- [Prompt]:
Line by line, return the listing exactly, without any of the images.

- [Exercise materials]:
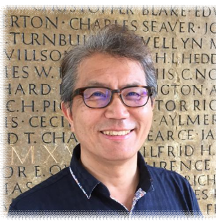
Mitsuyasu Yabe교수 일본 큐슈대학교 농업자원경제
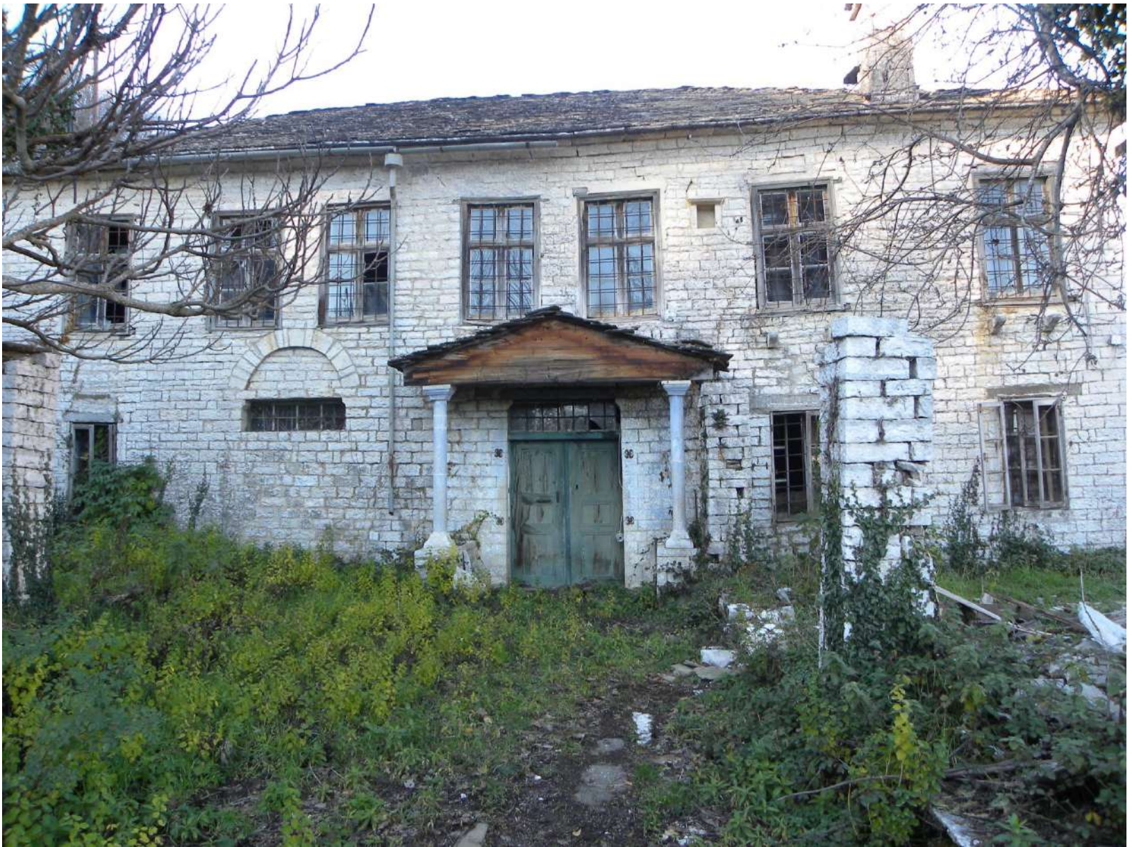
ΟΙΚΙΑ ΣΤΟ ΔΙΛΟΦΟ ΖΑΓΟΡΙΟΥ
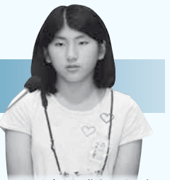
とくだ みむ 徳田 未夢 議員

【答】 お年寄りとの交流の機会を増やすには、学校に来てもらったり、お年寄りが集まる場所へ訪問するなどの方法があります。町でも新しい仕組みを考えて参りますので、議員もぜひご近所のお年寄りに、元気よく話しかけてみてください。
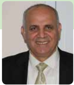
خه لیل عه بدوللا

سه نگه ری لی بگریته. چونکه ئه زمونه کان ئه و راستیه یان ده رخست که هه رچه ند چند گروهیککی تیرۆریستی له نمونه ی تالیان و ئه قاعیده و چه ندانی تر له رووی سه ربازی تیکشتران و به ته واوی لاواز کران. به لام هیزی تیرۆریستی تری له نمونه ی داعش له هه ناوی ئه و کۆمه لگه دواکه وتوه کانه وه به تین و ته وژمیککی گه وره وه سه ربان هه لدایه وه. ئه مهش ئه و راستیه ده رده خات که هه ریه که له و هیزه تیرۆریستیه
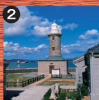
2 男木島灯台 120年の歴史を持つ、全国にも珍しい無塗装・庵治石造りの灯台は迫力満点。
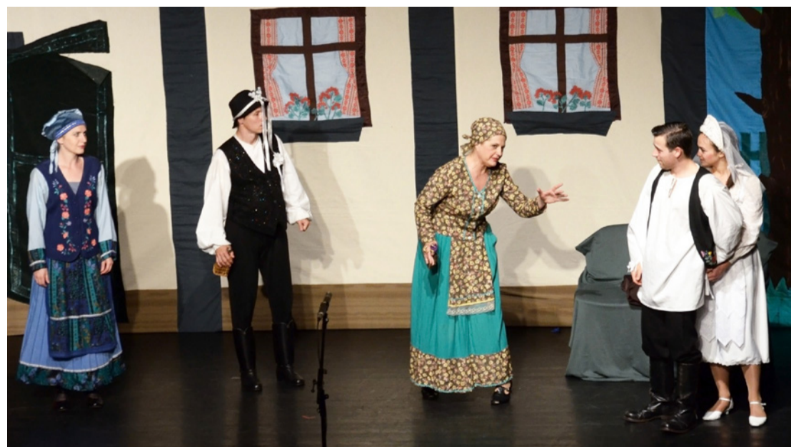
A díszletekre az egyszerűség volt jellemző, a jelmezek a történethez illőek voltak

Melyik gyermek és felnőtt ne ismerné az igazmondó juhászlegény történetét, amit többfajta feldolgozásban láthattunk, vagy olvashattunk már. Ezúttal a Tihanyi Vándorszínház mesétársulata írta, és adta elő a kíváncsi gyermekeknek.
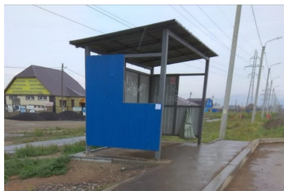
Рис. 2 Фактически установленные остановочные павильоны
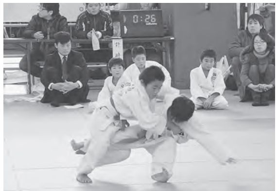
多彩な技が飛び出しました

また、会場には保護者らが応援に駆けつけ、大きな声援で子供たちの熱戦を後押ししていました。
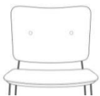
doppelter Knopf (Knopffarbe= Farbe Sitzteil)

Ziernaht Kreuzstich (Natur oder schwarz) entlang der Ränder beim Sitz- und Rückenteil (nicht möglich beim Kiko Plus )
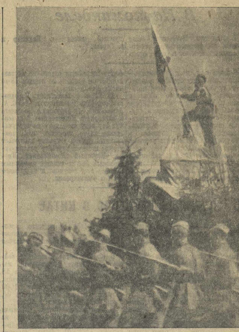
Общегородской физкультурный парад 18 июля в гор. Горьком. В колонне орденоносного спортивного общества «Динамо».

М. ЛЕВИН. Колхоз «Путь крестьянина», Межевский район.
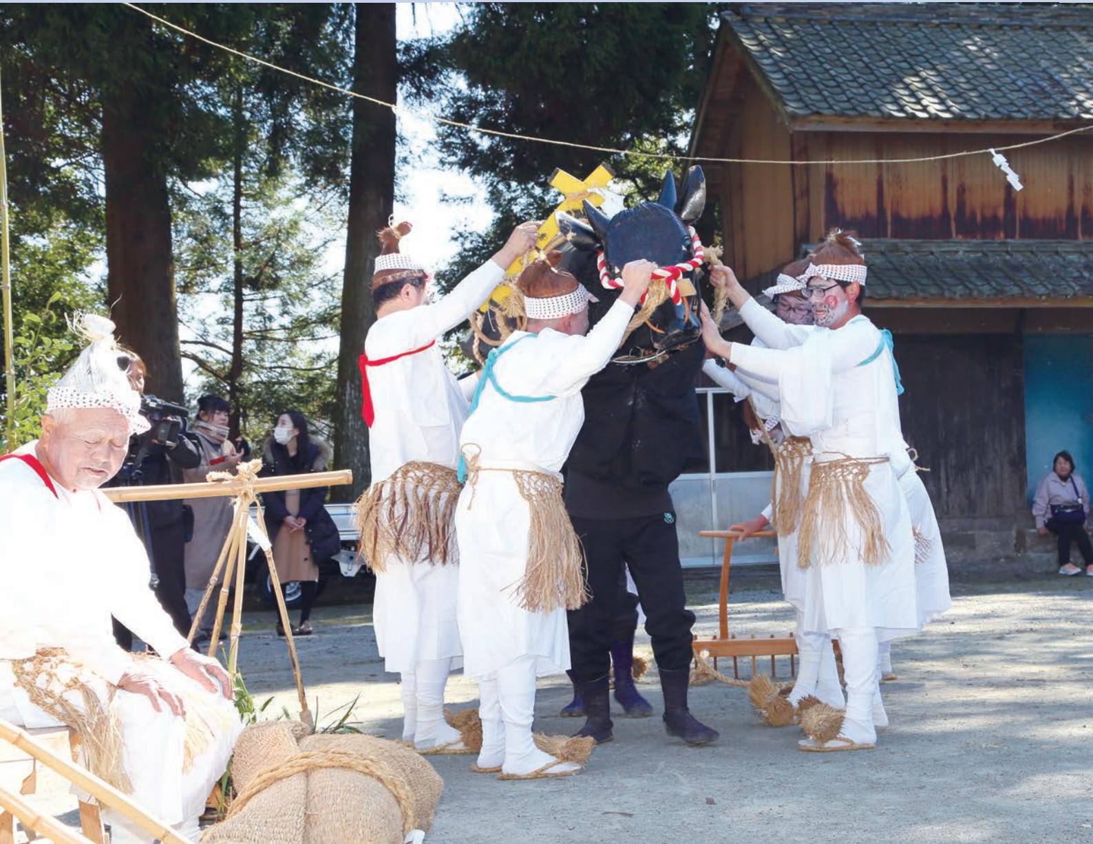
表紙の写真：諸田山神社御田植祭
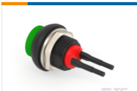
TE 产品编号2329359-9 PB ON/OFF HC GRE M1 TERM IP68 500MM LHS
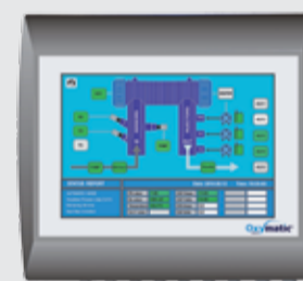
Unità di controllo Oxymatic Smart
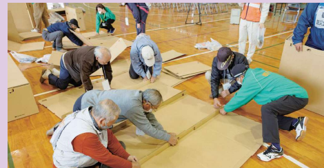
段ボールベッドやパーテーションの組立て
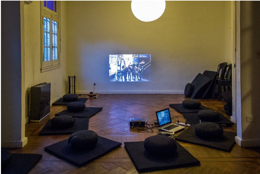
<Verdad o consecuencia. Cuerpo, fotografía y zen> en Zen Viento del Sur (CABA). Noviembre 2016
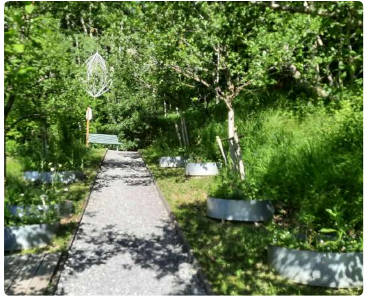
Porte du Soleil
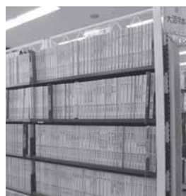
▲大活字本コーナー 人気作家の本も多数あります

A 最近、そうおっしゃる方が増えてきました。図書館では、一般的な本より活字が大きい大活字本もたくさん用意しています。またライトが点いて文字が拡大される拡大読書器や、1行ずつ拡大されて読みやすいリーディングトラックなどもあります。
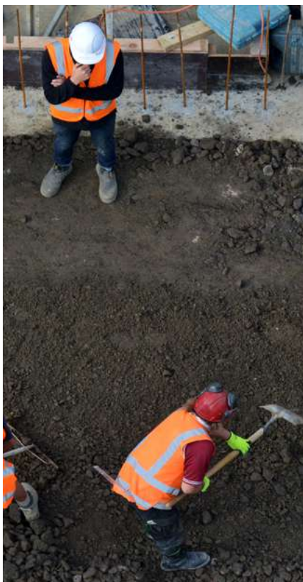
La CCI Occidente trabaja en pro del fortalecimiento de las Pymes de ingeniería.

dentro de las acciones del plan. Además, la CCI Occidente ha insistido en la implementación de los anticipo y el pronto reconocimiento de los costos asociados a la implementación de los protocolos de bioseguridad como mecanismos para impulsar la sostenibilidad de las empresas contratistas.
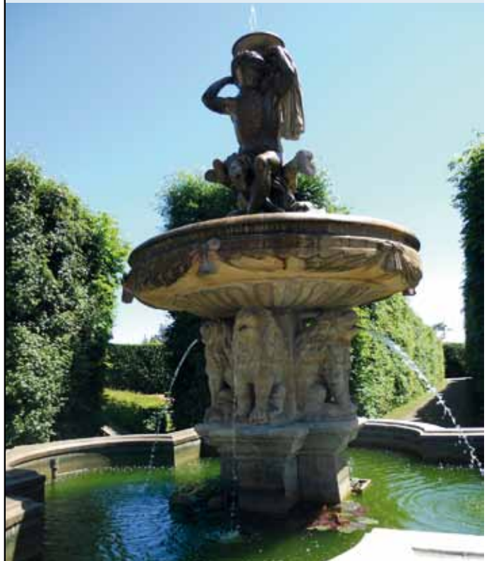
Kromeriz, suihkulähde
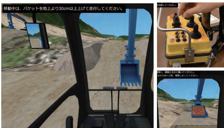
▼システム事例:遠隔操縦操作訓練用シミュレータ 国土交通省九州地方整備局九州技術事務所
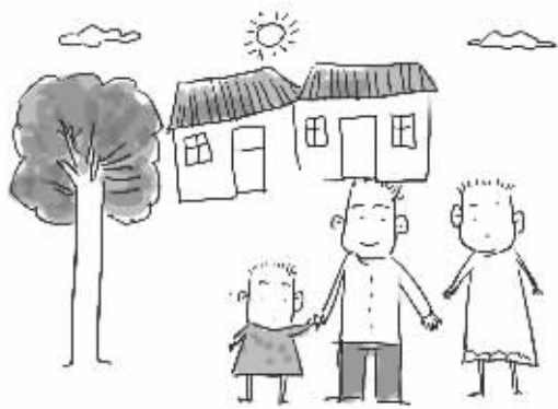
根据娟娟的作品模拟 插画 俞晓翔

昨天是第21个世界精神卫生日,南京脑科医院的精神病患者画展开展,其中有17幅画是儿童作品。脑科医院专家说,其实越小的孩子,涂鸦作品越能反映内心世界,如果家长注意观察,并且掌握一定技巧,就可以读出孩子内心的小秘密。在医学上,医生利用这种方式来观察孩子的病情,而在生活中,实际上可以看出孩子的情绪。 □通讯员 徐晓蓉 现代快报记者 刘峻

- [Result]:
Mitsuyasu Yabe교수 일본 큐슈대학교 농업자원경제
ΟΙΚΙΑ ΣΤΟ ΔΙΛΟΦΟ ΖΑΓΟΡΙΟΥ
とくだ みむ 徳田 未夢 議員

【答】 お年寄りとの交流の機会を増やすには、学校に来てもらったり、お年寄りが集まる場所へ訪問するなどの方法があります。町でも新しい仕組みを考えて参りますので、議員もぜひご近所のお年寄りに、元気よく話しかけてみてください。
خه لیل عه بدوللا

سه نگه ری لی بگریته. چونکه ئه زمونه کان ئه و راستیه یان ده رخست که هه رچه ند چند گروهیککی تیرۆریستی له نمونه ی تالیان و ئه قاعیده و چه ندانی تر له رووی سه ربازی تیکشتران و به ته واوی لاواز کران. به لام هیزی تیرۆریستی تری له نمونه ی داعش له هه ناوی ئه و کۆمه لگه دواکه وتوه کانه وه به تین و ته وژمیککی گه وره وه سه ربان هه لدایه وه. ئه مهش ئه و راستیه ده رده خات که هه ریه که له و هیزه تیرۆریستیه
2 男木島灯台 120年の歴史を持つ、全国にも珍しい無塗装・庵治石造りの灯台は迫力満点。
A díszletekre az egyszerűség volt jellemző, a jelmezek a történethez illőek voltak

Melyik gyermek és felnőtt ne ismerné az igazmondó juhászlegény történetét, amit többfajta feldolgozásban láthattunk, vagy olvashattunk már. Ezúttal a Tihanyi Vándorszínház mesétársulata írta, és adta elő a kíváncsi gyermekeknek.
Рис. 2 Фактически установленные остановочные павильоны
多彩な技が飛び出しました

また、会場には保護者らが応援に駆けつけ、大きな声援で子供たちの熱戦を後押ししていました。
doppelter Knopf (Knopffarbe= Farbe Sitzteil)

Ziernaht Kreuzstich (Natur oder schwarz) entlang der Ränder beim Sitz- und Rückenteil (nicht möglich beim Kiko Plus )
Общегородской физкультурный парад 18 июля в гор. Горьком. В колонне орденоносного спортивного общества «Динамо».

М. ЛЕВИН. Колхоз «Путь крестьянина», Межевский район.
表紙の写真：諸田山神社御田植祭
TE 产品编号2329359-9 PB ON/OFF HC GRE M1 TERM IP68 500MM LHS
Unità di controllo Oxymatic Smart
段ボールベッドやパーテーションの組立て
<Verdad o consecuencia. Cuerpo, fotografía y zen> en Zen Viento del Sur (CABA). Noviembre 2016
Porte du Soleil
▲大活字本コーナー 人気作家の本も多数あります

A 最近、そうおっしゃる方が増えてきました。図書館では、一般的な本より活字が大きい大活字本もたくさん用意しています。またライトが点いて文字が拡大される拡大読書器や、1行ずつ拡大されて読みやすいリーディングトラックなどもあります。
La CCI Occidente trabaja en pro del fortalecimiento de las Pymes de ingeniería.

dentro de las acciones del plan. Además, la CCI Occidente ha insistido en la implementación de los anticipo y el pronto reconocimiento de los costos asociados a la implementación de los protocolos de bioseguridad como mecanismos para impulsar la sostenibilidad de las empresas contratistas.
Kromeriz, suihkulähde
▼システム事例:遠隔操縦操作訓練用シミュレータ 国土交通省九州地方整備局九州技術事務所
根据娟娟的作品模拟 插画 俞晓翔

昨天是第21个世界精神卫生日,南京脑科医院的精神病患者画展开展,其中有17幅画是儿童作品。脑科医院专家说,其实越小的孩子,涂鸦作品越能反映内心世界,如果家长注意观察,并且掌握一定技巧,就可以读出孩子内心的小秘密。在医学上,医生利用这种方式来观察孩子的病情,而在生活中,实际上可以看出孩子的情绪。 □通讯员 徐晓蓉 现代快报记者 刘峻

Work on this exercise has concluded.